Лайза улыбнулась ей в ответ из-под тончайшей дымки вуали.
– Ты не потеряешь меня. Господи, Мэгги, ты будешь нужна мне, как никогда. Ведь там же змеиное гнездо. Большое и красивое, но змеиное, а ты – моя единственная настоящая подруга.
– Лучше, чем Марджори? – Мэгги всегда была ревнива.
– Марджори есть Марджори. Она скорее учреждение, чем подруга.
Обе засмеялись. Марджори действительно отчасти подходила под это определение. Большое, покрытое трещинами здание, огромное и внушающее благоговейный трепет, вмещающее дьявольски умелый бюрократический аппарат.
– Ну ладно, пойдем. Веди меня к моей судьбе. Лайза с театральной напыщенностью произнесла эти слова, пока Мэгги выводила ее из двери служившей ей домом крошечной квартиры в Уэст-Палм. Лайза и не оглянулась назад. Она двигалась вперед.
Пока машина ехала через мост, неся их на встречу с женихом, Лайза была неразговорчива и внутренне далека от спокойствия. Через мост – на венчание в Палм-Бич. Ее венчание. В церкви, стены которой еще помнят венчание Стэнсфилдов. То самое венчание, когда Бобби, ее Бобби, клялся в любви и уважении к женщине, которую она ненавидела и презирала. Как бы гордилась ее мать таким женихом… как Вернон Блэсс? Лайза вычеркнула свою семью из памяти. В сентиментальности нет никакого смысла. Ей надо повзрослеть, серьезно повзрослеть. Слишком поздно беречь себя от сердечных травм, но все-таки она довела до конца наивные и глупые мечты своей матери. Палм-Бич действительно был раем, однако его обитателям было далеко до богов. Все эти вечерние рассказы на крыльце их дома были не более чем легендами и сказками наивной мечтательницы. Теперь Лайза знала истину; но, может быть, восторженная блажь матери была предпочтительнее безумия ее собственной мудрости, которая родилась в горьких муках, вызванных небывалым по жестокости предательством? Бобби Стэнсфилд, раньше олицетворявший для нее любовь, а теперь ненависть, по-прежнему являлся своего рода центром ее мироздания. Она поклялась уничтожить его, как уничтожила его жену, и святой храм супружества, в который она вот-вот должна была вступить, был не более и не менее как оружием в этой войне.

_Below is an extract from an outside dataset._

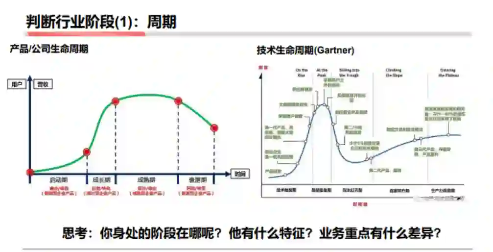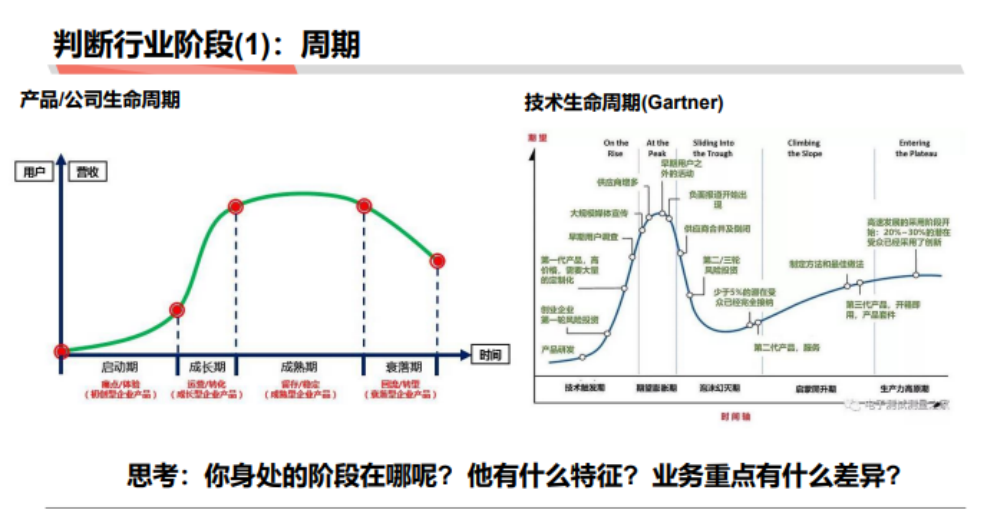 启动期更多的是考察市场研究,研究用户的需求和痛点;成长期,需要研究一下它标杆的商业模式,为“攻城略地”做参考,到成熟期、衰落期又是另外的风格。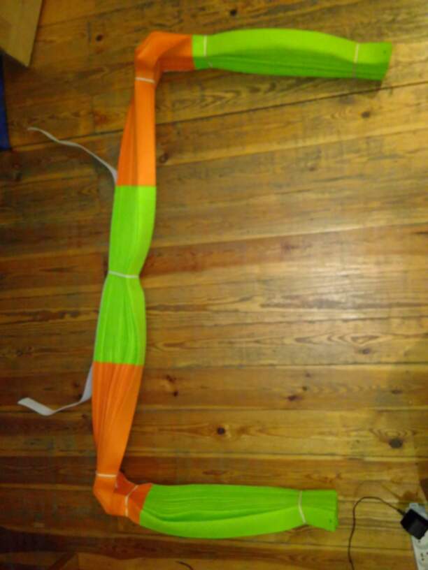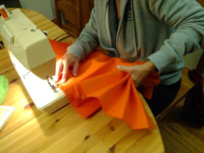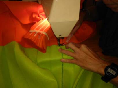 The several pieces are stitched together to recreate the complete structure. Some edges are reinforced with heat sealable textile. This will also help the stitching process:

Высокие королевские пальмы по обочинам дороги, ведущей в Палм-Бич, представлялись Мэгги почетным караулом. А может быть, это вытянувшиеся по стойке смирно отлично вымуштрованные солдаты расстрельной команды? Она была далека от уверенности в будущем. Чтобы как-то успокоиться, она подсунула ладонь под руку Лайзы и сжала ее, но Лайза была где-то далеко, сражаясь с безымянными драконами, обходя ловушки и западни, расставленные на ее пути.
И вот они приехали. Храм Милосердия у Моря.
– Я люблю тебя. Удачи тебе, дорогая, – промолвила Мэгги.
– Спасибо, Мэгги. У меня предчувствие, что она мне скоро потребуется.
– Конечно, все они думают, будто ты вышла за меня из-за денег. И только мы с тобой знаем, что на самом деле все это из-за моего тела.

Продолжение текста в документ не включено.